Scientists at Diamond use lots of different techniques to carry out their research. Diffraction is a natural phenomenon and an important tool that helps scientists unravel the atomic structure of our world.
What is it?
You encounter diffraction every day. In fact, you’re probably experiencing its effects right now. The murmur of background noise, the levels of heat or light in a room – all of these are related to diffraction.
Think of waves on the ocean; they behave in the same way as light and sound. When water waves hit an object like a rock or a boat, their trajectory is changed and they disperse in a different pattern.
The same is true of light and sound waves. You can have a covert natter at work or school because the sound from your conversation bounces off walls and is spread out as it hits surrounding objects. This causes the waves to become distorted so that they reach others as a murmur of blurred sound. And it’s not just sound; light and heat are also affected by diffraction. We don’t tend to install radiators or lamps behind TVs or fridges because the objects will interfere with the waves, leaving your room rather cold and dark.

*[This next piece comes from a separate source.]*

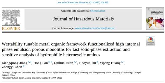 阮贵华研究员课题组在多孔聚合物材料的制备及其应用研究领域再次取得重要进展。团队研究成果以题为Wettability tunable metal organic framework functionalized high internal phase emulsion porous monoliths for fast solid-phase extraction and sensitive analysis of hydrophilic heterocyclic amines的论文被环境科学与生态学类国际知名期刊Journal of Hazardous Materials(IF=10.588)录用并正式发表。该项研究得到国家自然科学基金以及广西自然科学基金等多个项目的资助,工口漫画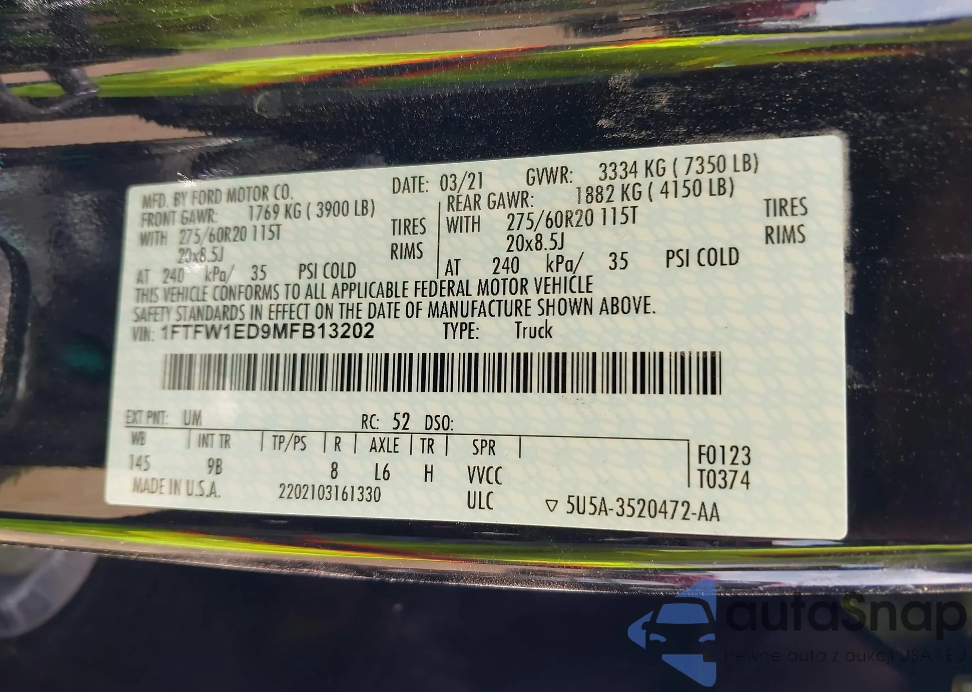 VIN: 1FTFW1ED9MFB13202

Once you understand the process of diffraction, it seems quite clear. But it took a while for scientists to work out what was going on. Wave diffraction was first observed in the 17th
century, but it wasn’t until 1803, when Thomas Young performed an experiment to observe waves diffracting through two slits, that the phenomenon began to be more fully understood. Young’s nifty diagram of wave diffraction was to have vital significance; in 1952, Rosalind Franklin and Raymond Gosling used diffraction to produce the image of DNA that Watson and Crick would later use to solve the structure.
Since the 20th
century, diffraction has been cornerstone of modern science, permeating virtually every aspect of research.
If you shine a bright light at an object, it produces a diffraction pattern as it leaves the sample. This is because the light bounces off each atom inside the object, creating a unique arrangement of light and dark spots. This pattern can then be used to identify the atomic structure of the object itself.
Some samples can be tricky to study using diffraction. That’s why scientists use a technique called crystallography to freeze their samples into ice-like crystals. If it’s crystallised first, then almost anything – from virus structures to ancient fossils – can be studied using diffraction. Knowing the structure of diseases is the first step in creating better treatments. Identifying the structural composition of water samples can provide insights into pollution levels and climate change. Understanding the atomic nature of samples is vital to all areas of modern research, and that’s why diffraction is such an important scientific technique.
Diffraction at Diamond
Diamond Light Source is a valuable tool for scientists who want to determine the atomic structure of crystallised samples. The bright beams of synchrotron light can pass through objects such as DNA, viruses, industrial materials, and chemical solutions, and produce a diffraction pattern that provides a clear indication of the sample’s structure.
Our scientists use diffraction to develop stronger materials for cars and aeroplanes, to identify the impact of climate change, and to develop new and more effective drugs for disease. Diffraction is an essential technique in modern science, and its discovery has led to some of the most significant scientific advances in history. The simple practice of shining a light on samples to determine their structure has helped scientists to illuminate some of the most complex and beautiful aspects of our world.